Claire’s Stores, Inc.

2400 West Central Road

Hoffman Estates, Illinois 60192

U.S.A.

 

Attention:    Steve Sernett
   SVP and General Counsel

Ladies and Gentlemen:

This letter will confirm our understanding that Cowen and Company, LLC (“Cowen”) has been engaged to act as financial advisor to Claire’s Stores, Inc. (“Claire’s” and together with its subsidiaries, the “Company”), in connection with strategic advisory services.

 

1.

Financial Advisory Services

In its capacity as financial advisor, Cowen will perform the following financial advisory and investment banking services as deemed necessary and appropriate and to be performed at the Company’s direction:

 

  a.

assist the Company in analyzing its business, operations, properties, financial condition and prospects;

 

  b.

assist and advise the Company as requested in developing strategy; and

 

  c.

render such other financial advisory and investment banking services as may from time to time be agreed upon by Cowen and the Company.
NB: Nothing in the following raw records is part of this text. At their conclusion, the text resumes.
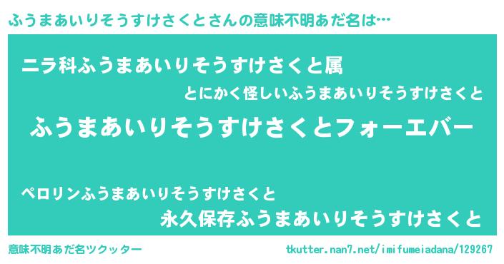 | ファンタジー風あだ名 | 『エターナルフウマアイリソウスケサクトー』 |
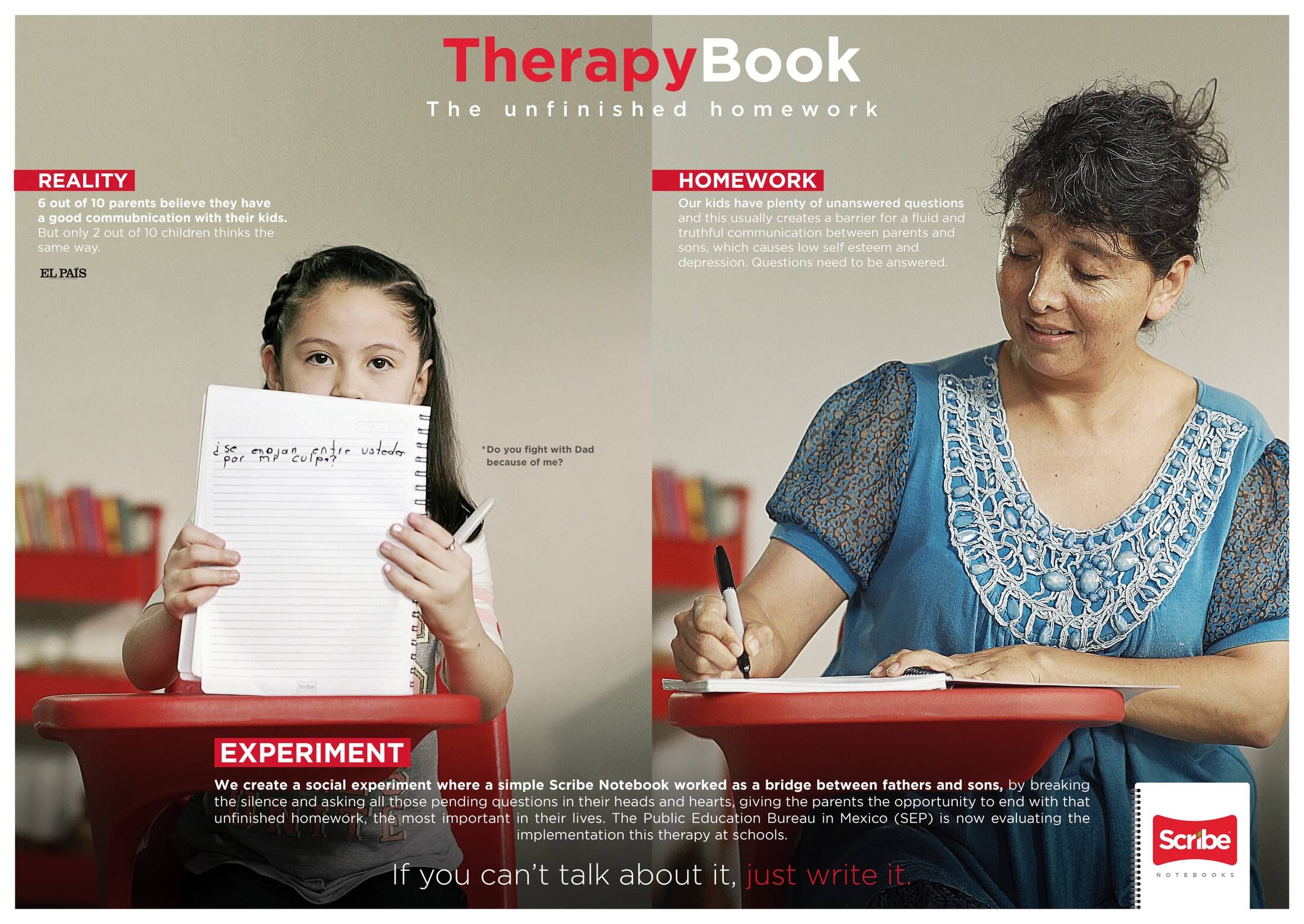 This professional campaign titled 'Therapy Book' was published in Mexico in May, 2019. It was created for the brand: Scribe, by ad agency: Archer Troy. This Experiential medium campaign is related to the Electronics, Technology and Professional Services industries and contains 2 media assets. It was submitted over 6 years ago.
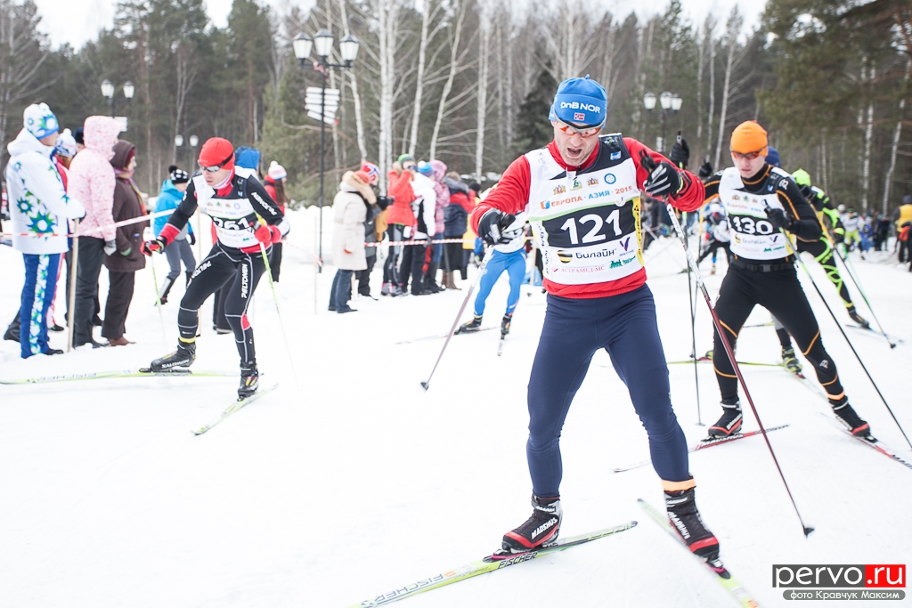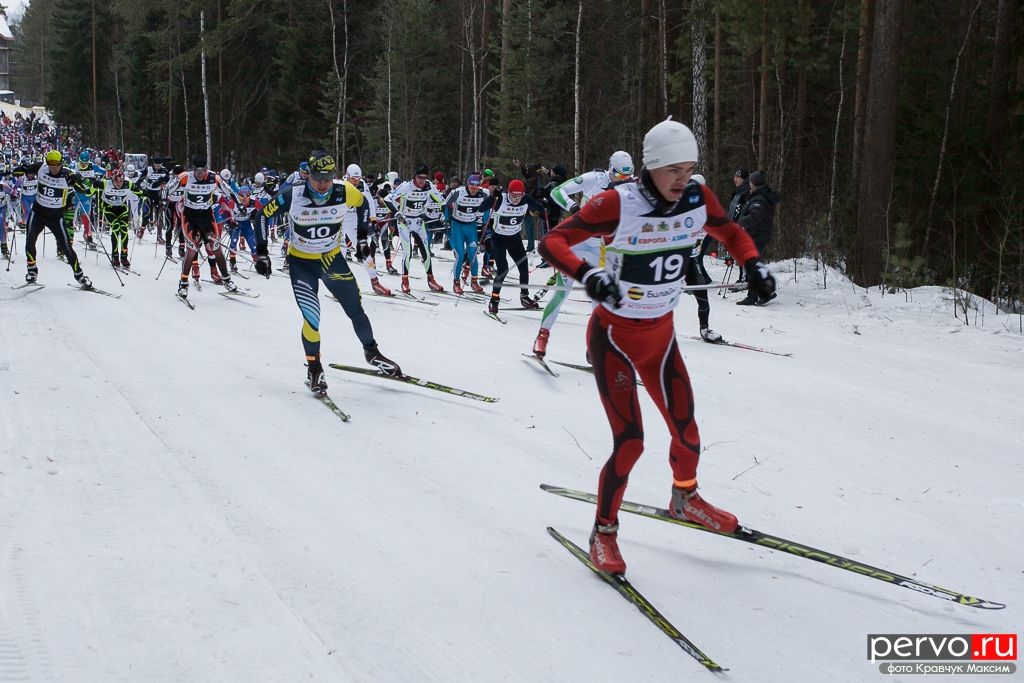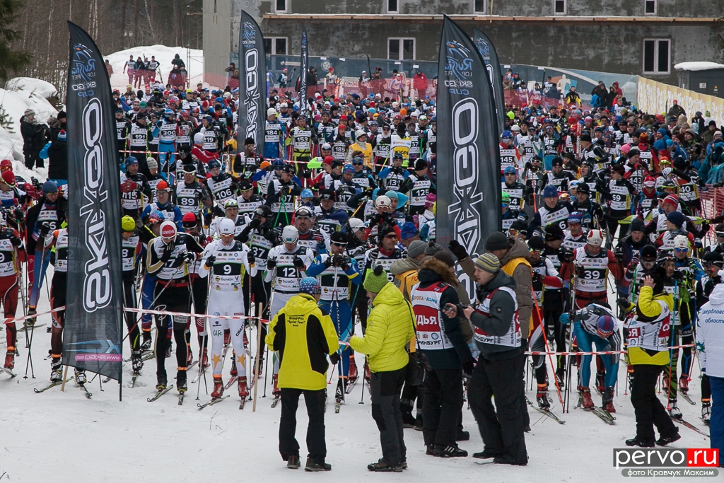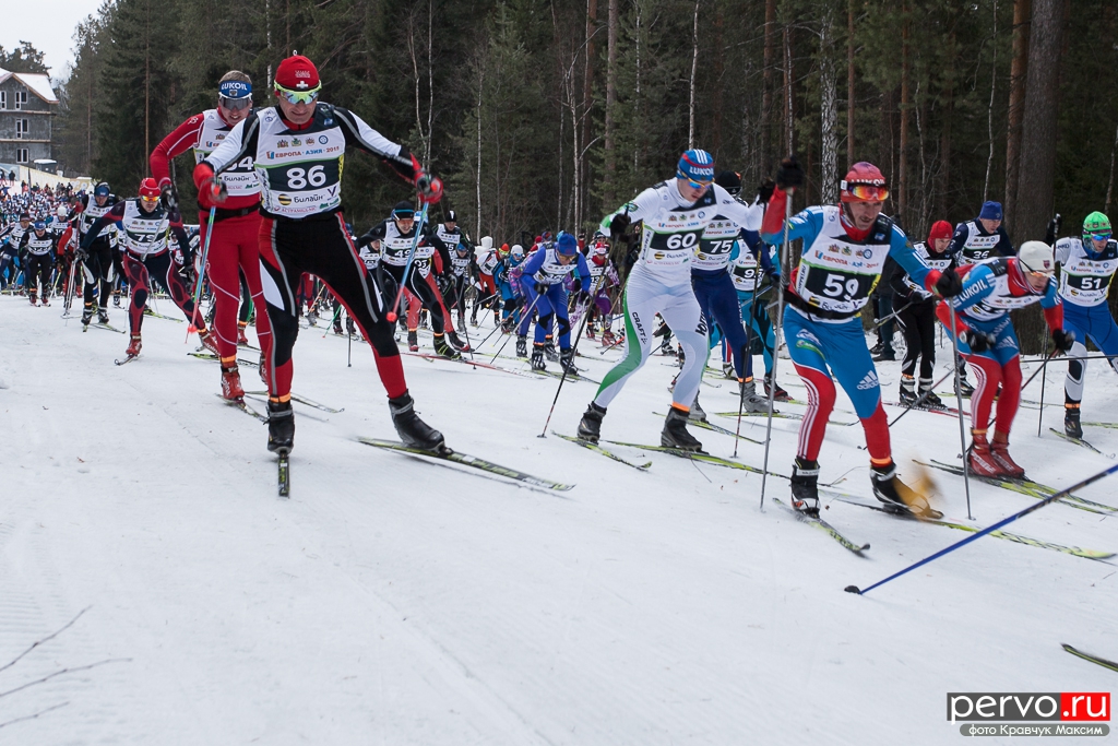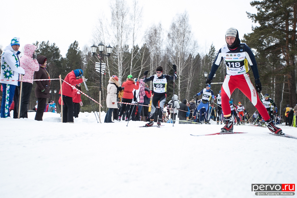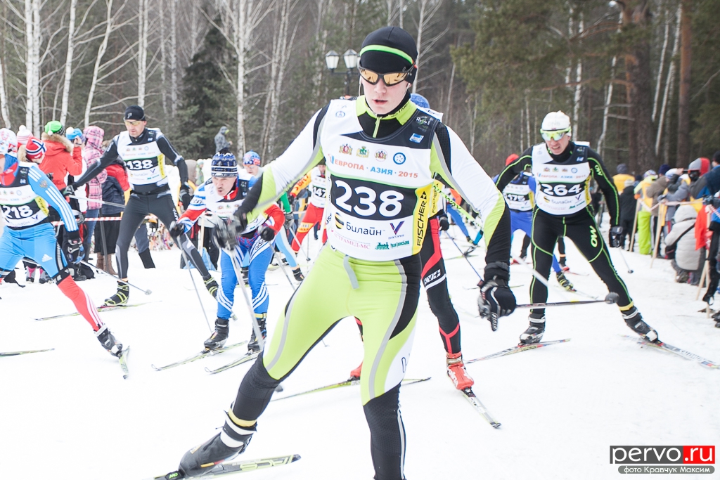 480 участников из Москвы, Пензы, Кургана, Челябинска, Перми и других городов России приняло участие в XXXII Международном лыжном марафоне «Европа - Азия», старт был дан в Первоуральске на границе «Европа-Азия».

It is expressly understood and agreed that Cowen is not undertaking to provide any advice relating to legal, regulatory, accounting or tax matters. In furtherance thereof, the Company acknowledges and agrees that (a) it and its subsidiaries have relied and will continue to rely on the advice of its own legal, tax and accounting advisors for all of such matters and (b) neither it, nor any of its affiliates, has received, or has relied upon, the advice of Cowen or any of its affiliates regarding matters of law, taxation or accounting.

Cowen may not enter into any agreements on behalf of or purport to bind the Company, or represent to any person that Cowen has the power to create any obligation, express or implied, on behalf of the Company without the Company’s express prior written consent.

Cowen Group, Inc. (the parent company of Cowen) and its subsidiaries and affiliates (collectively, the “Cowen Group”) is a full service securities firm engaged in various activities including securities trading, principal investing, investment management, financing, brokerage activities and financial advisory services. In addition, members of the Cowen Group may invest

Cowen and Company, LLC

599 Lexington Avenue

New York, NY 10022

TEL 1 646 562 1000

www.cowen.com


Claire’s Stores, Inc.

June 6, 2017

Page 2

 

and actively trade the equity and debt securities or other financial instruments (or related derivative instruments) of the Company, or other parties which may be the subject of the engagement contemplated by this Agreement for their own account and for the accounts of their customers and may at any time hold long and short positions in such securities or instruments. Cowen recognizes its obligations under applicable securities laws in connection with the purchase or sale of such securities or instruments. The interests of the parties described in this paragraph may conflict with yours.

 

2.

Term

The term on this agreement shall be on a month to month basis from the date hereof, renewing automatically at the end of each month. Either Cowen or the Company may terminate this Agreement at any time on 30 days prior written notice.

 

3.

Fees

The Company agrees to pay Cowen as compensation for its services under this engagement a monthly cash fee of $32,000, or the applicable pro-rated portion thereof, payable at the beginning of each month commencing upon the execution of this agreement.

 

4.

Out-of-Pocket Expenses

The Company shall, upon request and from time to time, reimburse Cowen for travel and all other reasonable out-of-pocket expenses incurred in connection with the engagement; provided, however, that such expenses shall not exceed in the aggregate $25,000, without the Company’s consent, which consent shall not be unreasonably withheld. The Company acknowledges that such expense cap shall not include any expenses, including legal fees, for which Cowen may be entitled to indemnification pursuant to Schedule I of this Agreement. The Company acknowledges that Cowen may invoice the Company on a monthly basis for such reimbursable out-of-pocket expenses and the Company agrees to promptly remit payment to Cowen upon receipt of such invoice.

 

5.

Information

It is understood that Cowen will be entitled to rely on and use the information provided by the Company and other information that is publicly available without independent verification, and will not be responsible in any respect for the accuracy, completeness or reasonableness of all such Information or to conduct any independent verification or any appraisal or physical inspection of properties or assets.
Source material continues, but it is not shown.